> **Data for the task**

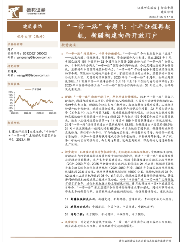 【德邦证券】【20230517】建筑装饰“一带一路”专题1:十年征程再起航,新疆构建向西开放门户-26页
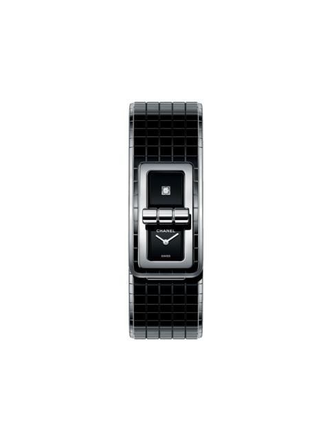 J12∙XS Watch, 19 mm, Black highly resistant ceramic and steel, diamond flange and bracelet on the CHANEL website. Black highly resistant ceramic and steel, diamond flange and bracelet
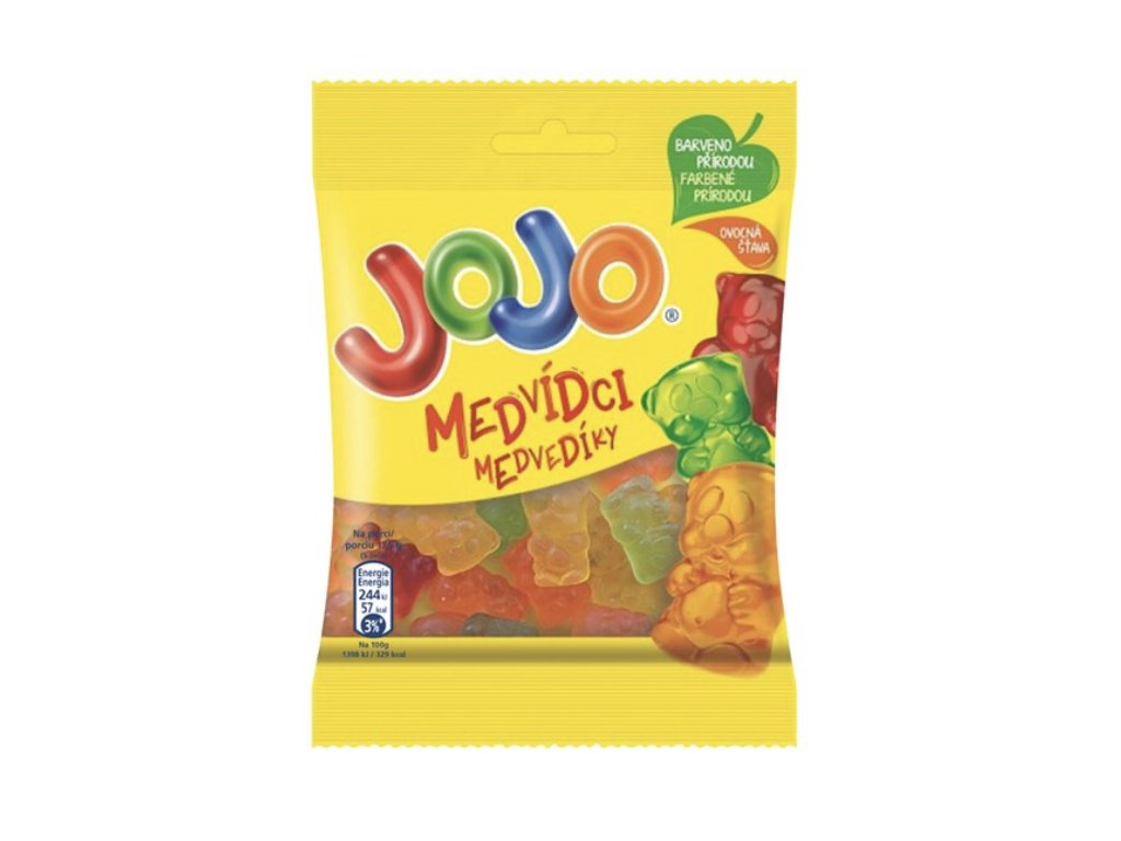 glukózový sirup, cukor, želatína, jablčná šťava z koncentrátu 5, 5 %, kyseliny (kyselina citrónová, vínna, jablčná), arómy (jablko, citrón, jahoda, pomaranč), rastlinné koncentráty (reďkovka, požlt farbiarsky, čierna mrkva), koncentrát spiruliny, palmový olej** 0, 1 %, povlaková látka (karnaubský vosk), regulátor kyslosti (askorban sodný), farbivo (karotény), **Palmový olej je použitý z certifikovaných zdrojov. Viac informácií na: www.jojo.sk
==
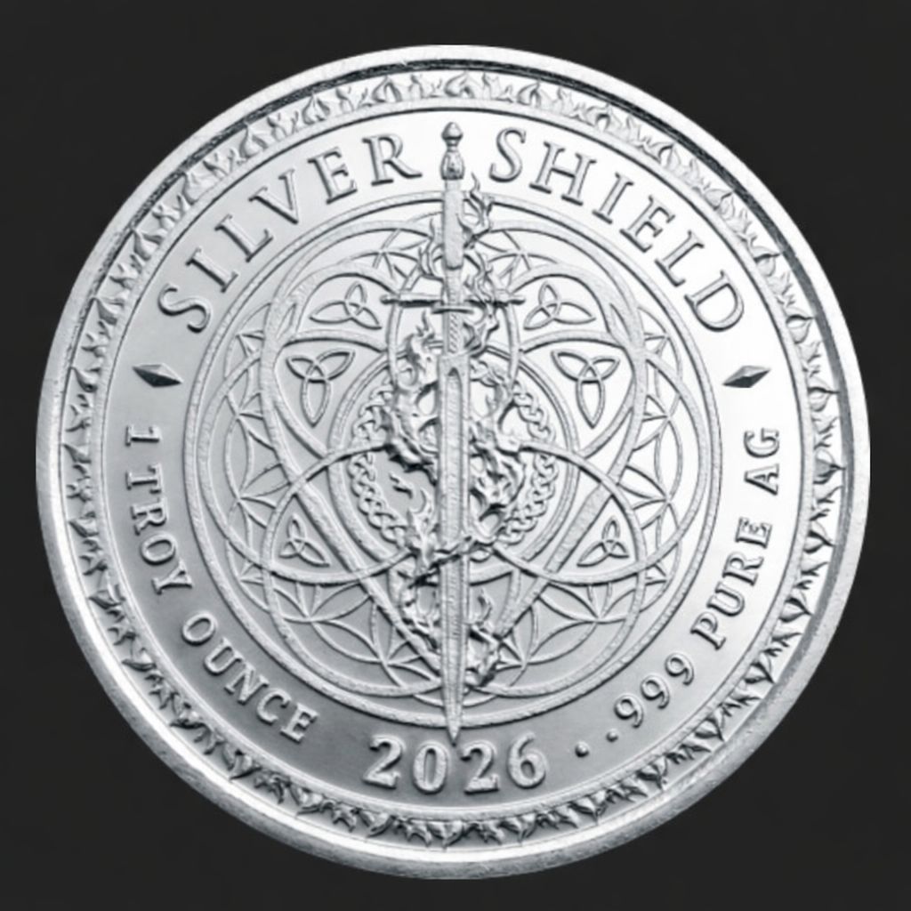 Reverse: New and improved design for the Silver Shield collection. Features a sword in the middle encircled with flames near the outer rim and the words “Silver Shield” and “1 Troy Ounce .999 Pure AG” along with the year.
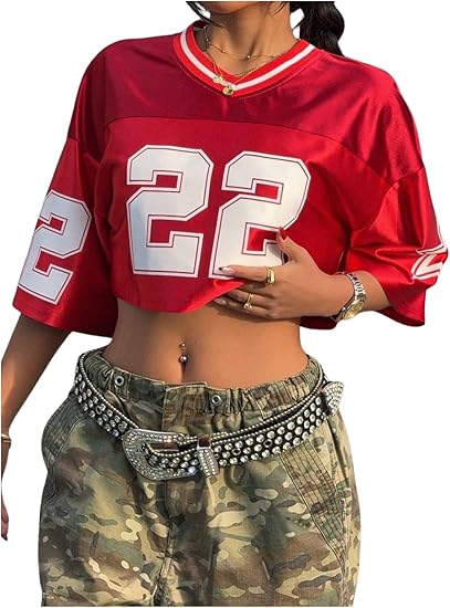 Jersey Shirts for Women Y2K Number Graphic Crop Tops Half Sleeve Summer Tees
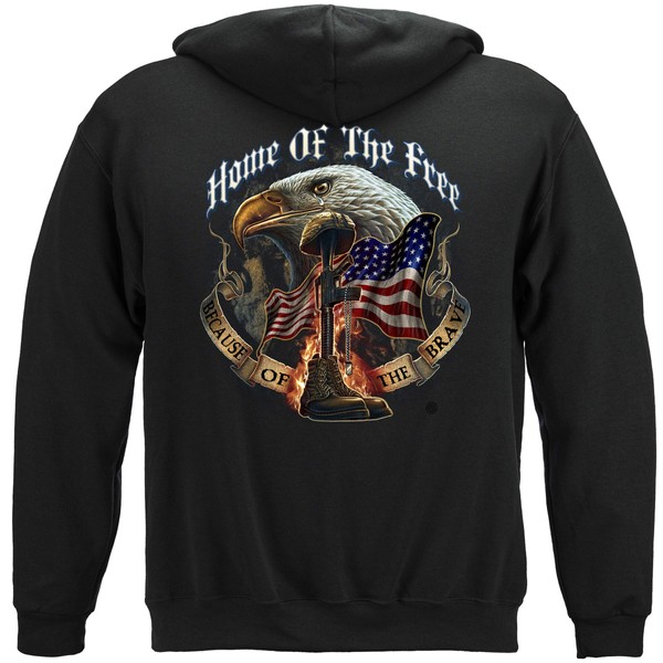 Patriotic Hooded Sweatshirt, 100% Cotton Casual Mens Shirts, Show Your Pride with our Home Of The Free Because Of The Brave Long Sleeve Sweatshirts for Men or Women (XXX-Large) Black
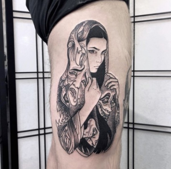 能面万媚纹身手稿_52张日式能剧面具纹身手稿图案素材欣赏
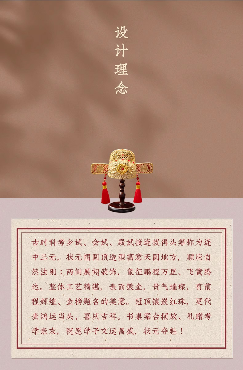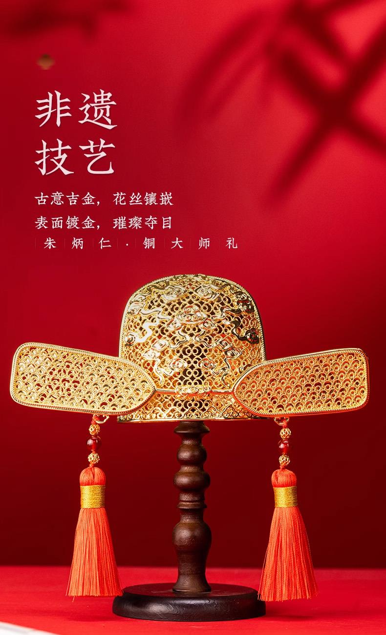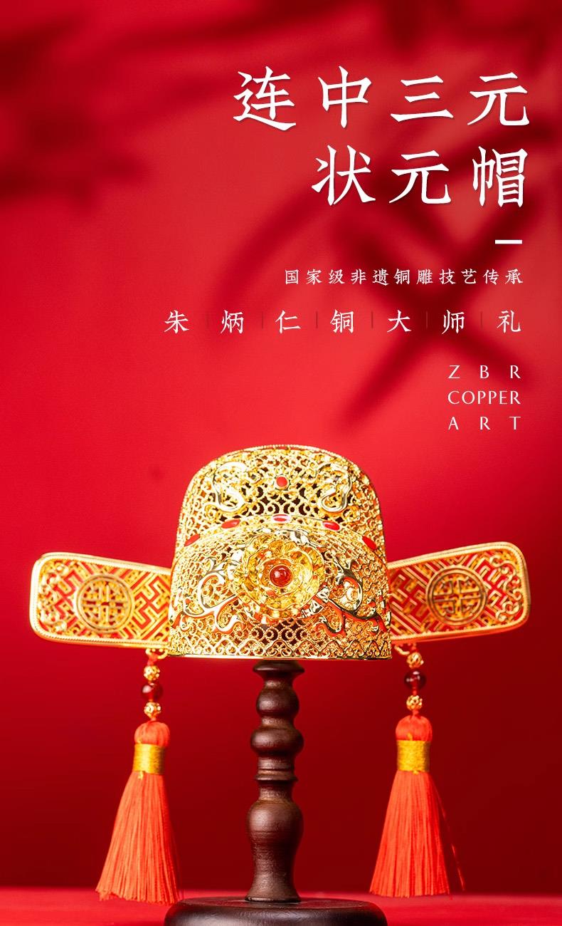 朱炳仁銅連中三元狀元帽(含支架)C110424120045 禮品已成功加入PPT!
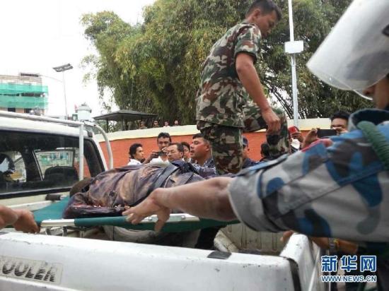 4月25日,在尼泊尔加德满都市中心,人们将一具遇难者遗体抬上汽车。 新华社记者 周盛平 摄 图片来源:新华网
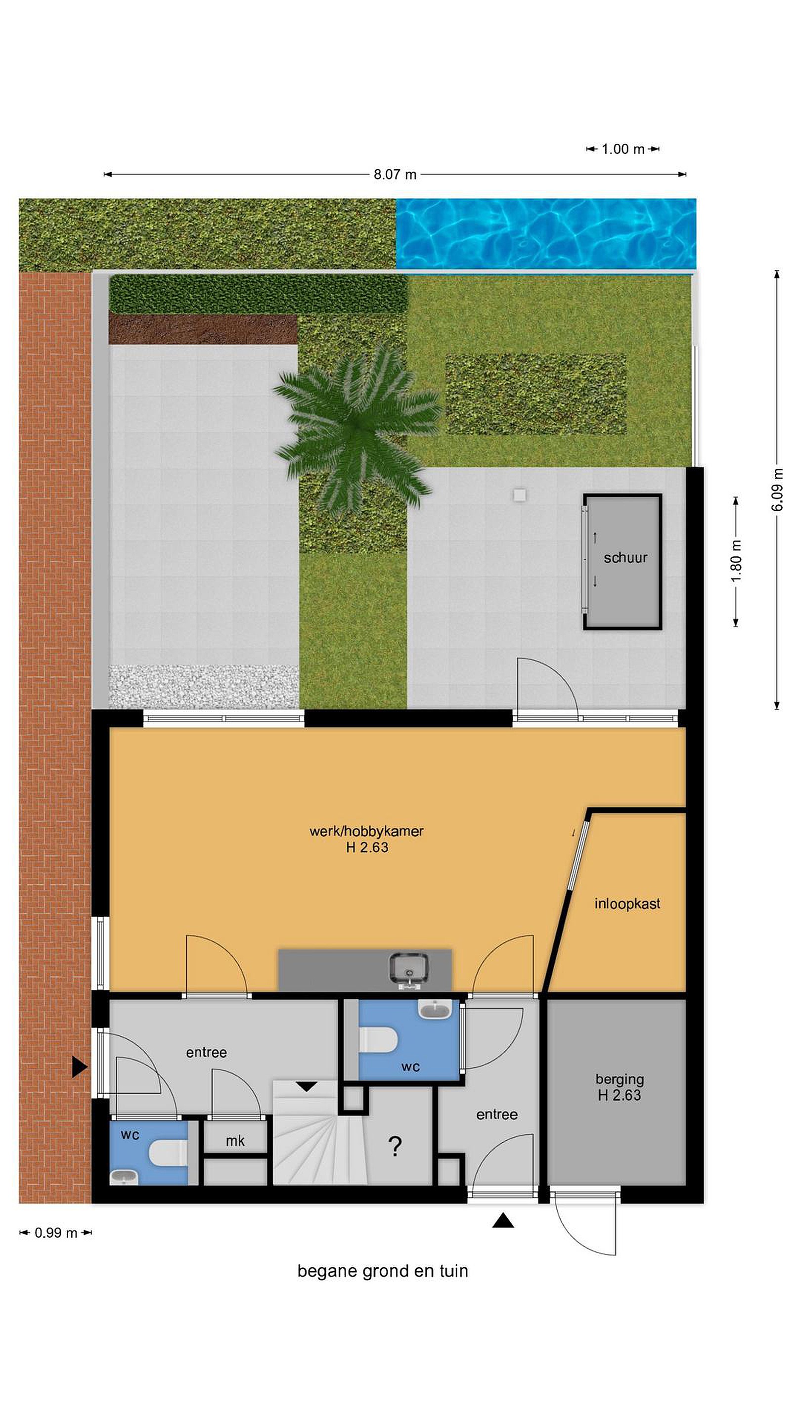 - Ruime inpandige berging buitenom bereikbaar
---
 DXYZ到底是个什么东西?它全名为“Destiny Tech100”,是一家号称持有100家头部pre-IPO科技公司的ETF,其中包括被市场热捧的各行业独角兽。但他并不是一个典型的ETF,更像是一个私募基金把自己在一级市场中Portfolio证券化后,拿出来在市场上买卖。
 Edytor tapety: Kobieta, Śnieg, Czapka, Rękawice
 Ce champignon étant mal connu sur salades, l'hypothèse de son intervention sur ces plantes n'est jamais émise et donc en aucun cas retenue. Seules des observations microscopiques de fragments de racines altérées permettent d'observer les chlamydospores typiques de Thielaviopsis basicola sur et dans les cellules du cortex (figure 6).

> **The task**
Return exactly the stretch above whose first line contains "朱炳仁銅連中三元狀元帽(含支" and whose last line contains "- Ruime inpandige", and nothing outside it. The pictures should not appear.

> **Solution for this task**
 朱炳仁銅連中三元狀元帽(含支架)C110424120045 禮品已成功加入PPT!
 4月25日,在尼泊尔加德满都市中心,人们将一具遇难者遗体抬上汽车。 新华社记者 周盛平 摄 图片来源:新华网
 - Ruime inpandige berging buitenom bereikbaar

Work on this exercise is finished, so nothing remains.